EPSOM, England, February 15, 2016 /PRNewswire/ --
The rise of the 'amateur' landlord has been a striking feature of the UK property market in the past 15-20 years - but, with George Osborne's recent changes to the tax regime, is the buy-to-let boom now dead?
For many, it's been the most fantastic ride. On average, £1000 invested in UK buy-to-let in the final quarter of 1996 was worth a staggering £14,987 by the end of 2014 - a return of 1,400%.
But three high-profile changes to the tax regime - the removal of tax relief on mortgage interest payments on residential property, a sharp increase in Stamp Duty Land Tax (SDLT) on buy-to-let properties, and the revision of the Wear and Tear allowance - have had many wondering if this was the end of the buy-to-let model.
But a range of industry experts interviewed for a brand new report commissioned by UK property website NetHousePrices.com, "The Buy To Let & Property Investment Tax Guide 2016", feel that the buy-to-let market is far from finished.
Financial adviser Brian Dennehy of Dennehy Weller & Co explains: "this is not the end, just a sensible interruption. The buy to let boom is dangerous, both economically and politically.
The older generation of landlords are pricing their kids out of the market - an economic problem and political one too.
Plus the volume of people who think 'my buy-to-let is my pension' is not worrying me alone. When the cycle turns down the Tories don't want blood on their hands - so they would rather let some air out of the bubble now, than make the crash worse later by doing nothing."

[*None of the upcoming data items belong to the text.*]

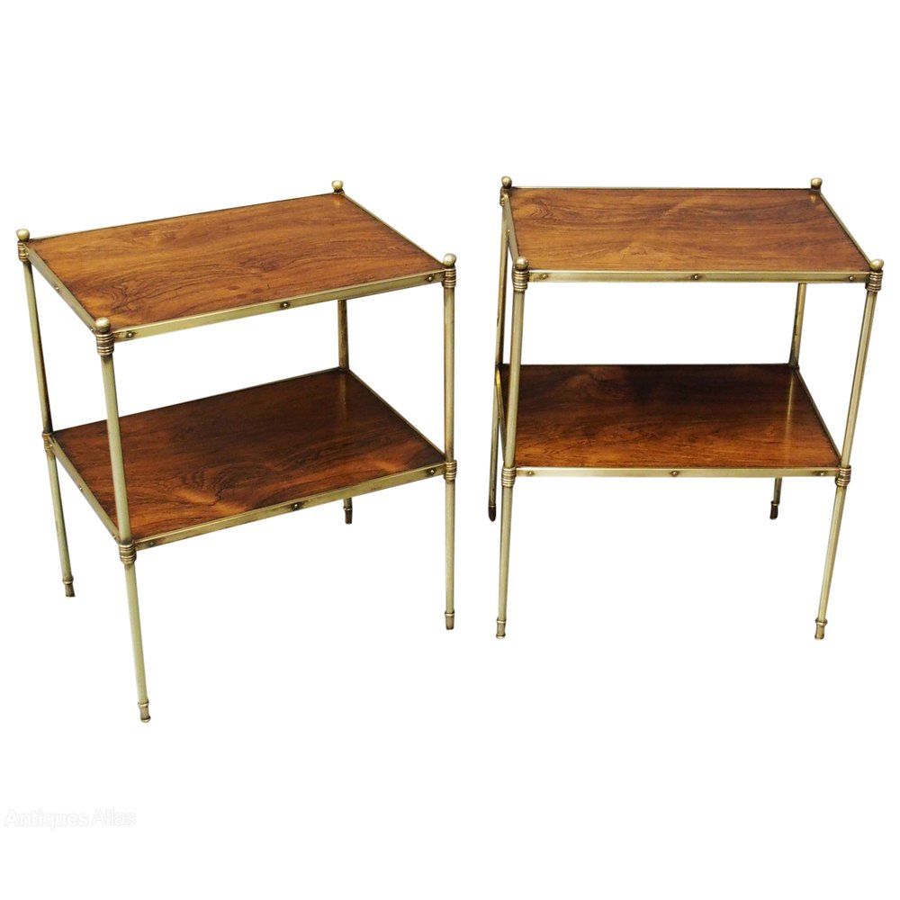 Circa 1930, pair of cast brass and rosewood 2 tier etageres. The rosewood tops are contained in a brass frame, which continues down to form the uprights, which hold the tiers together and are topped by a circular finial. The sturdy legs finish with a small ring turning.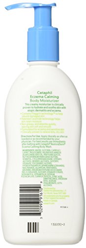 Cetaphil RestoraDerm Eczema Calming Body Moisturizer is formulated to moisturize and bring soothing relief to atopic skin and symptoms associated with eczema. Its advanced technology helps to repair your skin's protective barrier and promotes hydration for even the toughest skin conditions like eczema, atopic dermatitis, contact dermatitis, and cradle cap.Feature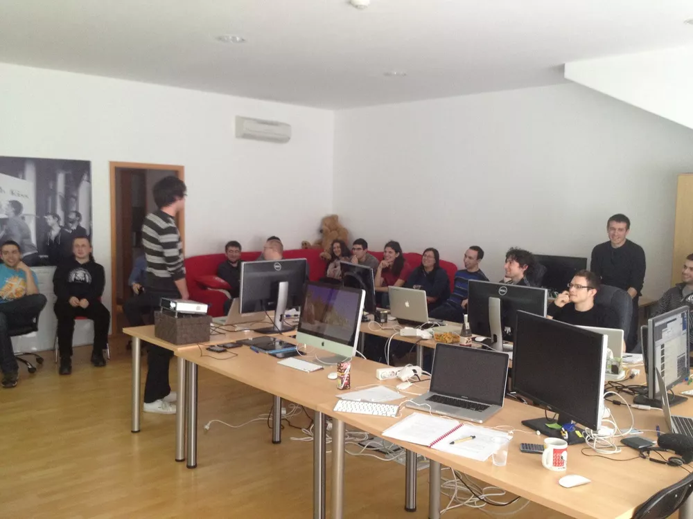 At a certain point, we realized we needed to change that, so we started organizing internal meetings where we would talk about things we’ve done and what we’ve learned. Six of us crammed in a small room and it was basically a discussion about Git Flow and Android development in general. I remember ranting about how Eclipse is shit and why we should all switch to Android Studio.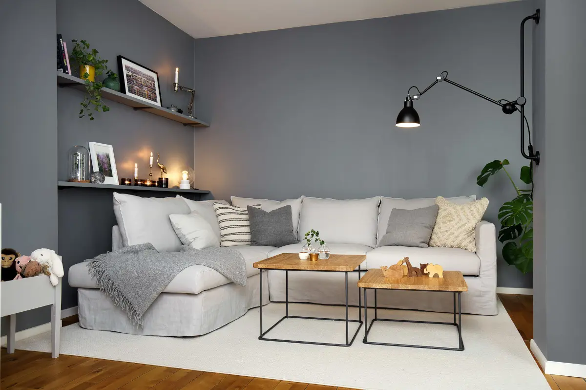 W przytulnym wnętrzu podstawę będzie stanowiło stonowane tło. Mowa o ponadczasowych bielach, szarościach czy beżach. To właśnie takie barwy działają na nas wyciszająco i odprężająco. Mocne tony zostawmy sobie na mniejsze powierzchnie, takie jakie pojedyncze meble czy dekoracje.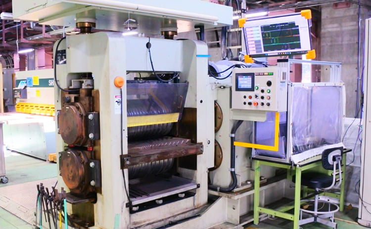 圧延速度を1~30m/minまで無段階で制御可能な溝ロール圧延機です。溝は◇40mmから◇7.9mmまで備えており、圧延速度、荷重、単色放射温度計による圧延前後の試料温度測定、トルクの収集が可能です。大トルクモーターも搭載しており、棒材試料の作製に幅広くご利用いただいております。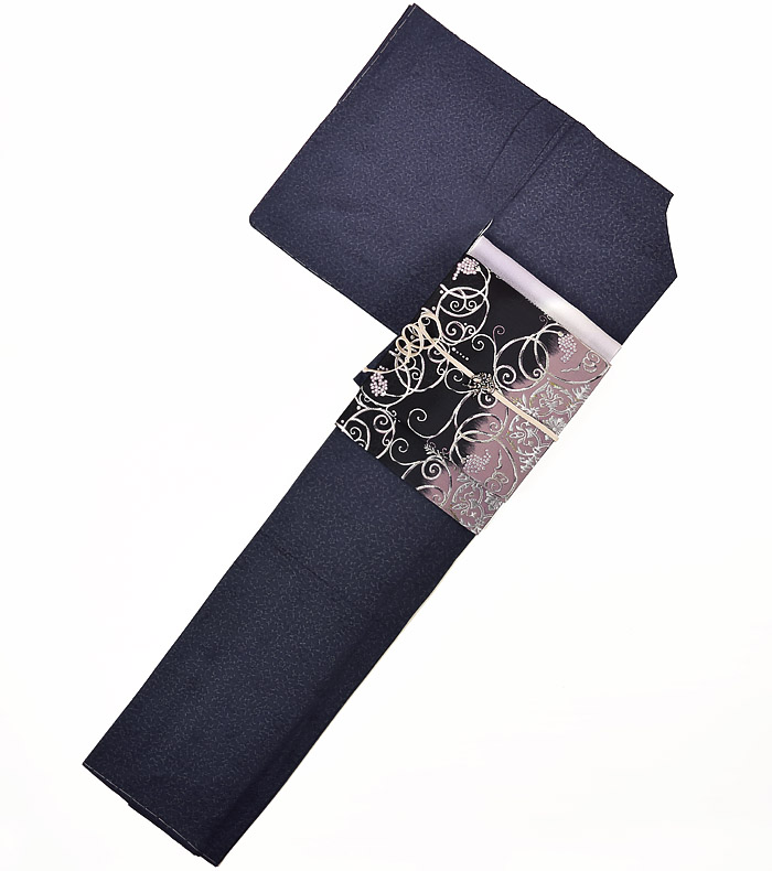 附下訪問着 紺地 華文 紋意匠縮緬のコーディネイト

Stephen Barratt, private client tax director at James Cowper Kreston says: 'The new rules will make the investment less attractive to investors who borrow to invest in buy-to-lets, but many will ask themselves the question "Where else can I invest with the same return?"
Buy-to-let volumes might reduce as a result of income tax changes but many will still see it as a viable investment once capital growth is also taken into account.'
Hannah Wilde at property investment firm Knight Knox, is more bullish: "No: the buy-to-let market has been thriving for years because of optimum market conditions (namely rising house prices, rising rents and a lack of available housing across the whole of the UK), so we believe the market is still incredibly buoyant.
Although the market is changing (namely from the introduction of the new stamp duty tax levy on buy-to-let properties), this will not necessarily satiate demand-people are hypnotised by the market's ability to generate above-average returns, as well as high tenant demand through the lack of available housing on offer.
With house prices and rental demand expected to continue growing in the years to come, we expect the buy-to-let market to continue thriving into the future.
Therefore, far from being the end of buy-to-let, we predict that the market will continue to grow this year and beyond."